Os médicos colocaram o menino em um ventilador e começaram um esforço frenético para descobrir o que estava errado. Eles descobriram nadando no fluido cerebrospinal do garoto um organismo que deixava pouca esperança, chamado de Naegleria fowleri, mais conhecida como a “ameba comedora de cérebro“.

Era o terceiro caso que o Dr. Dennis Conrad, especialista em doenças infecciosas pediátricas, então no Hospital Universitário de San Antonio, via em sua carreira. Os outros dois pacientes haviam morrido.

No entanto, Conrad havia lido recentemente que uma nova opção de medicamento, a miltefosina, havia sido aprovada como tratamento experimental para infecções por N. fowleri. Ele adicionou o medicamento ao regime do menino, que já incluía outros antimicrobianos e anti-inflamatórios.

“É como jogar a pia da cozinha,” disse Conrad ao Live Science. “É uma doença ruim, e você a ataca com tudo o que pode pensar.”

O prognóstico do menino era sombrio. Ele estava doente há cinco dias antes de chegar a San Antonio, e a maioria das pessoas que contrai uma infecção por N. fowleri morre cerca de cinco dias após o início dos sintomas. Segundo os Centros de Controle e Prevenção de Doenças (CDC), houve 157 casos humanos confirmados de infecção por N. fowleri nos Estados Unidos entre 1962 e 2022. Quatro sobreviveram.

Em outras partes do mundo, os números são semelhantes. É raro adoecer devido a uma infecção por essa ameba, assim como é muito raro sobreviver. Mas os poucos sobreviventes recentes podem dever sua recuperação à miltefosina, o medicamento mais recentemente recomendado para meningoencefalite amebiana primária (PAM), a doença causada pela ameba. Novos medicamentos também podem estar surgindo. A questão é se eles podem alcançar os pacientes antes que o dano seja irreversível.

‘Um touro em uma loja de porcelana’

N. fowleri prospera em água doce e quente, cerca de 26,6 graus Celsius ou mais quente, embora possa sobreviver em temperaturas mais frias também, de acordo com o CDC. A ameba infecta pessoas acidentalmente, quando a água é forçada a entrar pelo nariz, levando a ameba através de um osso chamado placa cribriforme até o nervo olfativo, que atua como uma estrada para o cérebro.

ameba

Pessoas imunocomprometidas estão em maior risco, disse o Dr. Juan Fernando Ortiz, residente em neurologia na Corewell Health em Grand Rapids, Michigan, que escreveu um artigo sobre o tratamento das infecções. Meninos com menos de 14 anos representam um número desproporcional de casos, talvez porque são mais propensos a fazer coisas que empurram água pelo nariz, como pular e mergulhar.

A maioria dos casos envolve corpos d’água naturais, mas raramente foram ligados a água tratada, como em áreas de recreação com jatos de água. Em alguns casos, pessoas se infectaram usando água de torneira em potes neti para enxaguar os seios nasais.

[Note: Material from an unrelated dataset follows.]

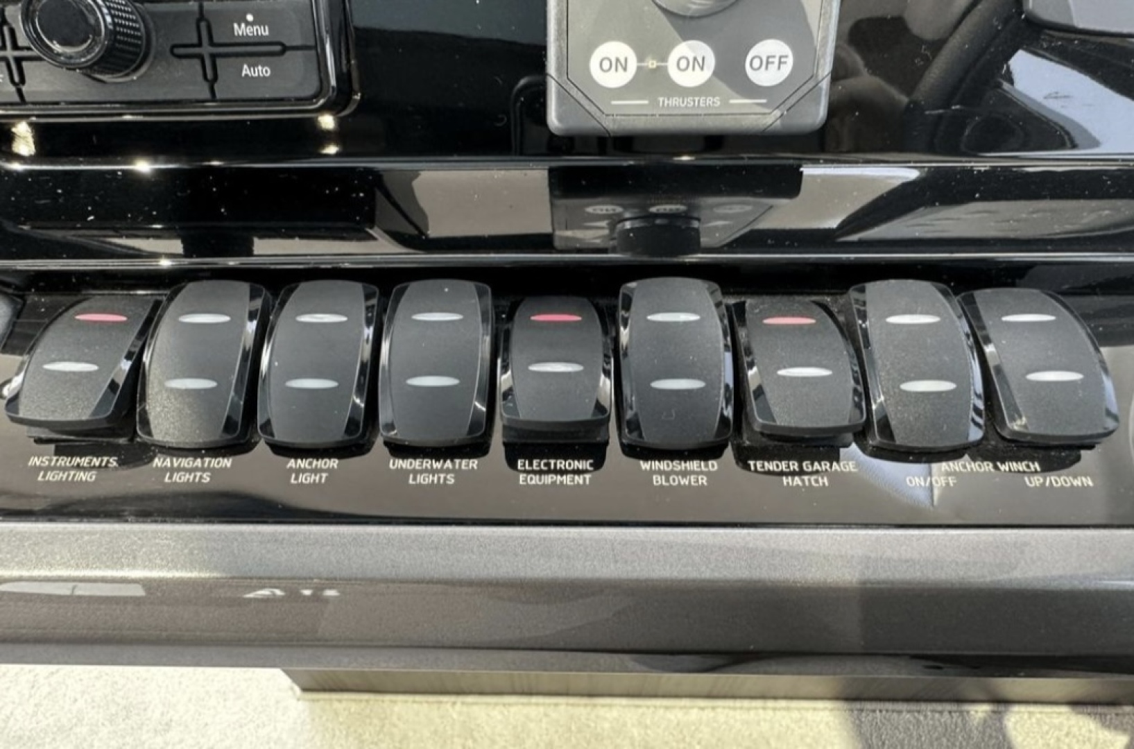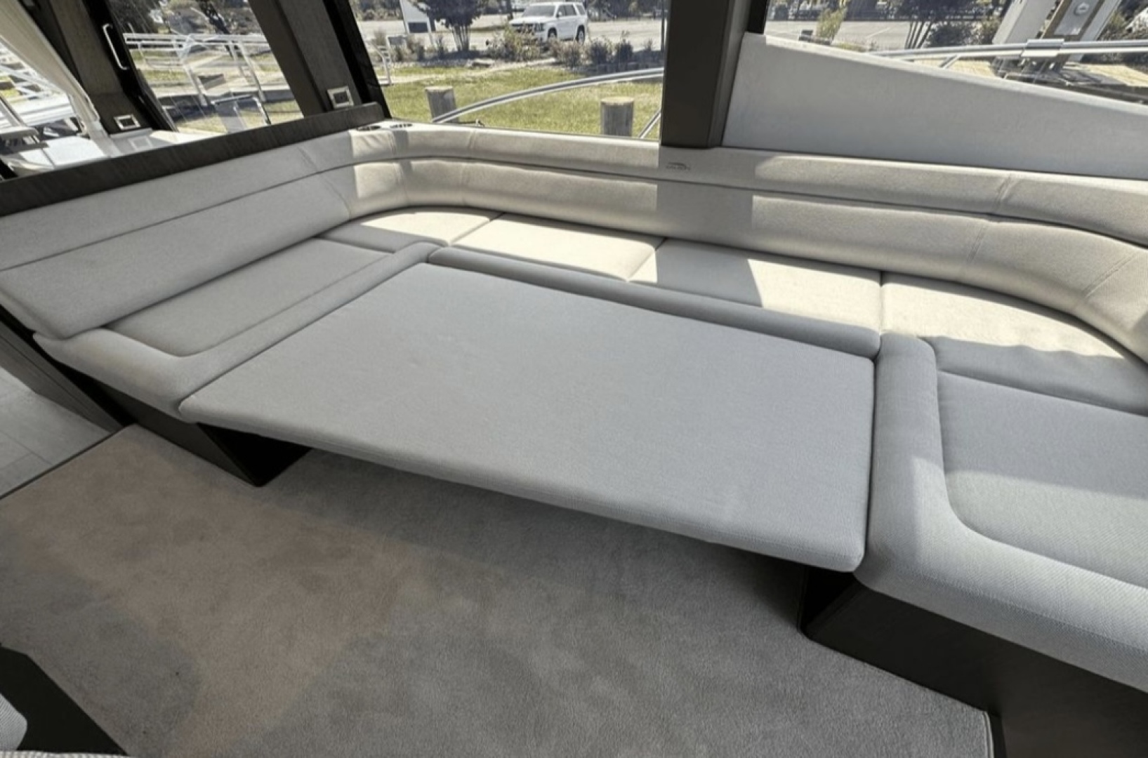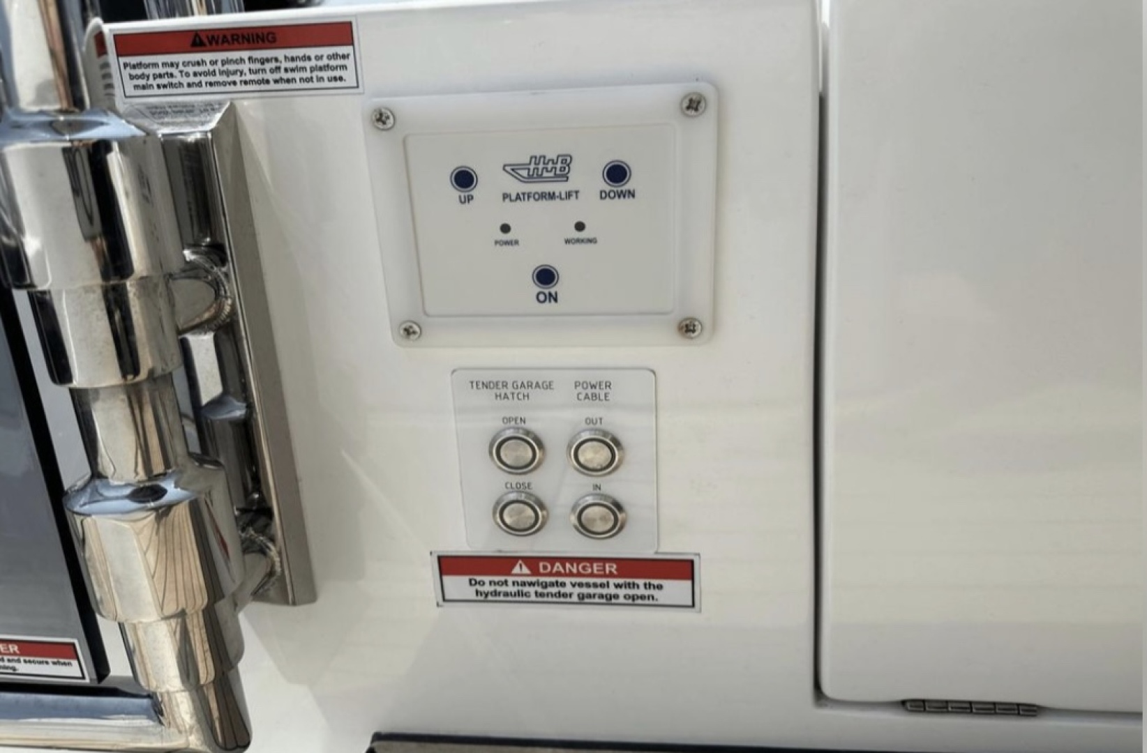 Notable features include Seakeeper 6 gyro stabilization, Galeon’s signature Beach Mode with fold-down balconies, hydraulic swim platform, hydraulic tender garage, and bow and stern thrusters, making docking and entertaining effortless. The yacht is also equipped with a full Raymarine electronics suite, upgraded air conditioning system, diesel generator, Cablemaster shore power, underwater lighting, and multiple entertainment systems.

O menino que Conrad e seus colegas estavam tratando em agosto de 2013 tinha uma história tragicamente típica de infecção. Ele passou o verão com sua mãe em um acampamento informal nas margens do Rio Grande, onde não havia água corrente. As pessoas tomavam banho no rio, e o menino gostava de brincar nas águas rasas.

Provavelmente, foi ali que ele encontrou a ameba, que Conrad e sua equipe agora precisavam matar, antes que causasse mais danos do que o menino pudesse suportar.

PAM mata pela destruição massiva do tecido cerebral. A própria ameba faz parte da destruição diretamente, dando-lhe o apelido de “comedora de cérebro”, mas grande parte dos danos cerebrais é causada pela resposta imune agressiva do corpo a um intruso no sistema de controle, explicou Conrad.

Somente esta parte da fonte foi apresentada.